As Elon Musk attacks the federal workforce, President Donald Trump has taken aim at officials who protect workers—federal and otherwise. In the first month of his administration, Trump attempted to fire, among others, members of the National Labor Relations Board (NLRB), the Merit Systems Protection Board (MSPB), and the Federal Labor Relations Authority (FLRA), even though federal law says those officials can be fired only for cause.

While a president trying to fire heads of independent agencies is new, attacks on the constitutionality of those agencies are not. Indeed, none other than Elon Musk has been making just these sorts of arguments since well before the 2024 election, as the NLRB investigated Musk’s SpaceX for violations of federal labor laws. As it turns out, the Trump administration is borrowing more from Musk than just his “fork in the road” letter.

In January 2024, a regional office of the NLRB filed a complaint against SpaceX after the company fired eight employees who alleged that Musk’s behavior was “a frequent source of distraction and embarrassment,” and that he had encouraged a culture of crude sexual behavior in the workplace. Rather than waiting for the NLRB to hear the case, SpaceX sued the NLRB the very next day, arguing that Board members’ for-cause removal protections set out in federal law were unconstitutional.

In April, Musk once again drew the NLRB’s attention, this time for allegedly requiring former employees to sign away their right to discuss any negative experiences at SpaceX with coworkers—a right that enables workers to organize for better conditions.

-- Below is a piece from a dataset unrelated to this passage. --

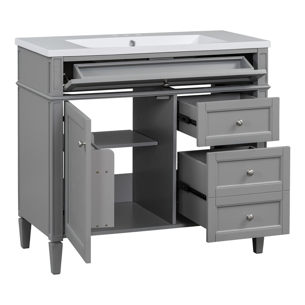 - [Amber Storage] In order to meet your storage needs for various items, this bathroom vanity is equipped with very sufficient storage space. The entire bathroom cabinet has two drawers for daily necessities, a tip-out drawer for small items, and a cabinet for medium and large items with shelves that distribute space reasonably. In order to further rationalize and expand the space you can use, we also designed the cabinet door organizer on the cabinet door, so that there is a lot of usable space.

SpaceX then sued the NLRB again, before a court even had a chance to hear the company’s first lawsuit.

While the cases Musk’s company brought against the NLRB have been quietly working their way through the courts, Trump’s attempted firings of the leaders of the NLRB (and other agencies) are another side of the same legal coin. Even though Congress says these agencies’ directors can be removed only for cause, Trump contends that the Constitution requires that the president be able to fire these high-level government officials at will.

Neither Supreme Court cases, nor history, nor the original meaning of the Constitution supports the argument that Musk, Trump, and their big-business supporters are advancing. In a separate case, even the conservative Fifth Circuit rejected a similar argument and has shot down SpaceX’s attempts to short-circuit the judicial process. And when federal board members purportedly “fired” by Trump have challenged his attempts to fire them, multiple judges have upheld Congress’s decision to protect these agency heads from arbitrary removal. Although a fractured D.C. Circuit motions panel recently put some of those decisions on hold, the NLRB and MSPB board members have indicated that they plan to ask the full D.C. Circuit to reconsider that decision.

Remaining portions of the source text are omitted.